I'm looking to join Fantasy Warhammer, but I am unsure as to the army I should pick. Outside of looks, I know nothing about the armies available. Visually, I like the Skaven, Lizardmen and Tomb Kings. Anyone have any fluff and opinions on these armies?


----------



## maddermax (May 12, 2008)

I might just point you to a couple of our excellent stickies on the subject:
Choosing a Warhammer army and An Introduction to the armies of Warhammer
Both should help you out somewhat with your decision.

For my part, I'd advocate for Lizardmen, as they're a pretty solid and dependable army, good for getting used to. Skaven are a bit more tactically complex, and require a LOT more models to play, but that said, they're pretty powerful, and have a lot of cool aspects to them. Tomb kings are an older army, and require quite a bit of practice to get right. They might be getting a new army book soon, and they really do look cool, but I always think a more "regular" army is better for learning with.

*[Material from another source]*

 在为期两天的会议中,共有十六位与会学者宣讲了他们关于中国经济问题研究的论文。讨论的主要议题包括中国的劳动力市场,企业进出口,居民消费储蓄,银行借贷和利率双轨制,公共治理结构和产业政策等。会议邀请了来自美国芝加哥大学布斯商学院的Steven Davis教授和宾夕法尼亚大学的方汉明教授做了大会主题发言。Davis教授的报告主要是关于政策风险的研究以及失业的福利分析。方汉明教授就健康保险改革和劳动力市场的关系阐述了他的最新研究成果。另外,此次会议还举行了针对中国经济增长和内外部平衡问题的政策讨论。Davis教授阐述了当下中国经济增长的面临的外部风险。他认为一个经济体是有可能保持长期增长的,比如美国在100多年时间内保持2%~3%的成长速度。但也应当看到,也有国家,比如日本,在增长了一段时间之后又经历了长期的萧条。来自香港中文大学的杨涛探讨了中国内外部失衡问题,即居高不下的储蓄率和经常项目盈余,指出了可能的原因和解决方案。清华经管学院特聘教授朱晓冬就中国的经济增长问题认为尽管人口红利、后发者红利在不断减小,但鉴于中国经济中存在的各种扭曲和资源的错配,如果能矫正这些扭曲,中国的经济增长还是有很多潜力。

Anyway, take a look through those links, hope they help


----------



## Asmodeun (Apr 26, 2009)

My advice is to look through those threads, they help immensely.


----------



## murdock129 (Apr 3, 2008)

Empire and Orcs are probably the best to start off with in my opinion, but since you don't appear interested in both I'd suggest Lizardmen. It's probably the easiest of the three to play with. It's also the simplest to make an army with, without fifty different types of troops. And you don't need that many models to have a playable army


----------



## Dragearen (Sep 8, 2009)

People got just about everything else, so I guess I'll cover the fluff.

Skaven are a breed of rats that were mutated into plague-carrying rodents by the power of something called Warpstone. They are mortal enemies of Lizardmen and Dwarves.

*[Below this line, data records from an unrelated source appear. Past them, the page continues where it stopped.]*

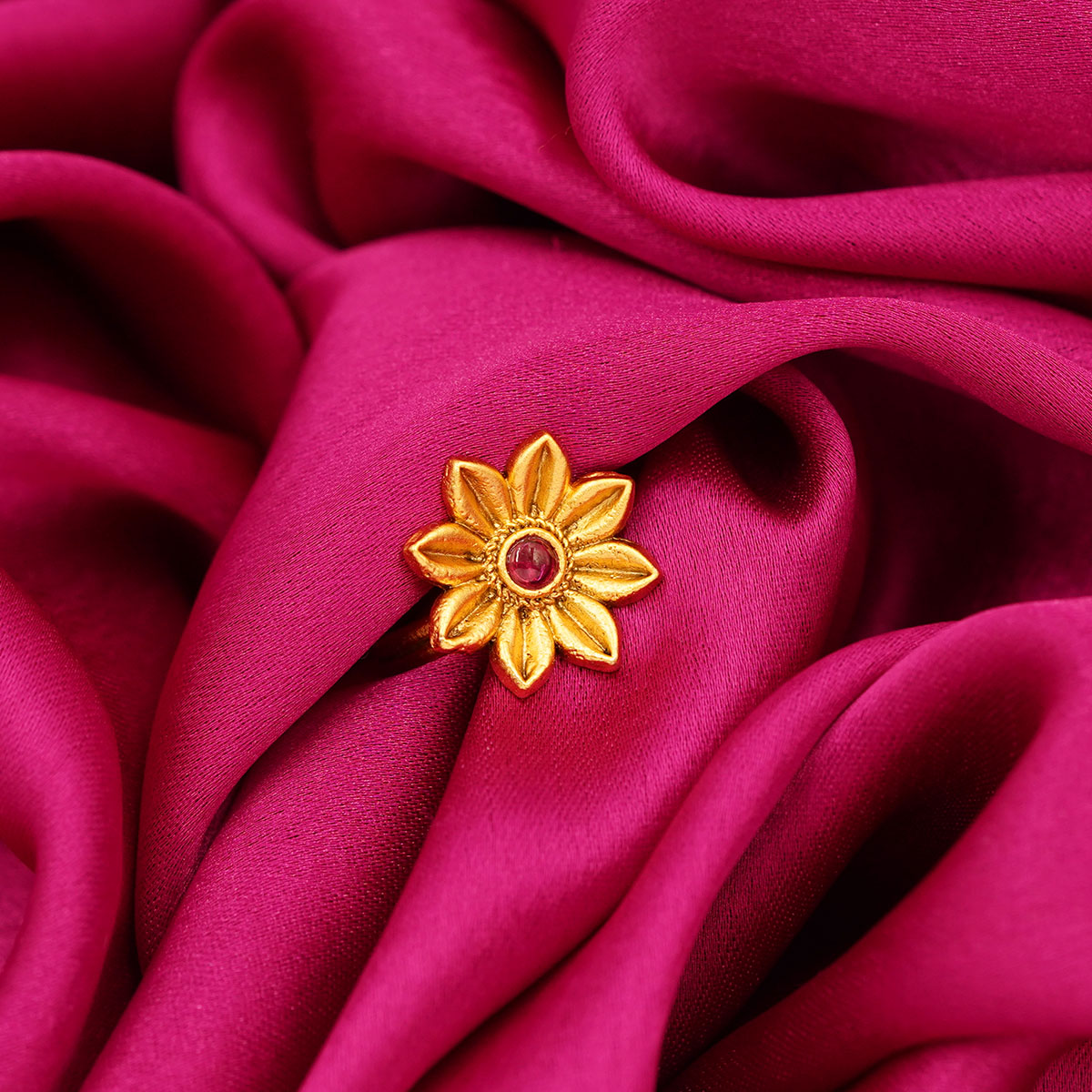DESCRIPTION - INSPIRED BY THE ELEGANCE OF BLOOMING PETALS, THE RADIANT RUBY BLOSSOM GOLD TONE RING FEATURES A BEAUTIFULLY SCULPTED FLORAL DESIGN IN RICH GOLDEN TONES. AT ITS HEART LIES A STRIKING RUBY-RED STONE THAT ADDS A TOUCH OF WARMTH AND REGAL CHARM. THE INTRICATE PETAL DETAILING GIVES THIS RING A LUXURIOUS YET GRACEFUL APPEAL, MAKING IT PERFECT FOR FESTIVE OCCASIONS, TRADITIONAL WEAR, OR AS A STATEMENT PIECE FOR SPECIAL MOMENTS. A TIMELESS DESIGN THAT BLENDS CLASSIC ARTISTRY WITH MODERN ELEGANCE.
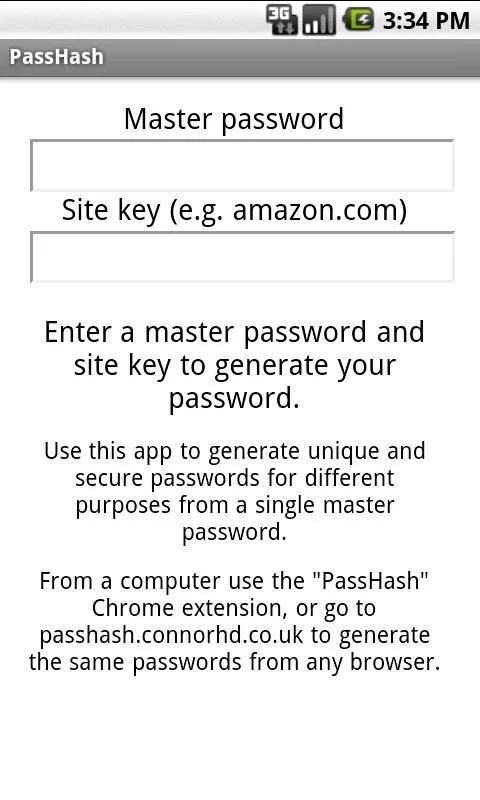 PassHash allows you to generate unique, secure passwords for every site you visit from one master password. This app is made to compliment the Chrome extension "PashHash" and allow you to generate your passwords while not at your computer.
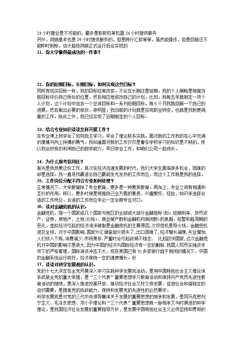 【文档名称】 云南农村信用社历年面试真题集(Word版).doc

Lizardmen are the very first creations on the world by the Old Ones, before humans, elves or any others. If there is a link between Fantasy and 40k, it will either be Chaos or Lizardmen. Their leaders, the Slann, were gifted with insane magical powers. Eventually(around 3000 years previous to specific history) the Old Ones were driven off by Chaos, leaving the Slann to create a giant shield using the Temple-Cities around Lustria(the land where the Lizardmen come from). Unfortunately, Skaven as well as some Daemons that somehow got through, breached one of the Temple-Cities, and eventually that allowed Dark Elves, WoC, O&G and other Chaos creatures. High Elves later contributed to the effort to keep Chaos from the world, not knowing that the Slann were also contributing. Unfortunately, many of the Temple-Cities have been destroyed or lost.

Tomb Kings I know nothing about.

I personally would go with Lizardmen, but that may just be because I play them.


----------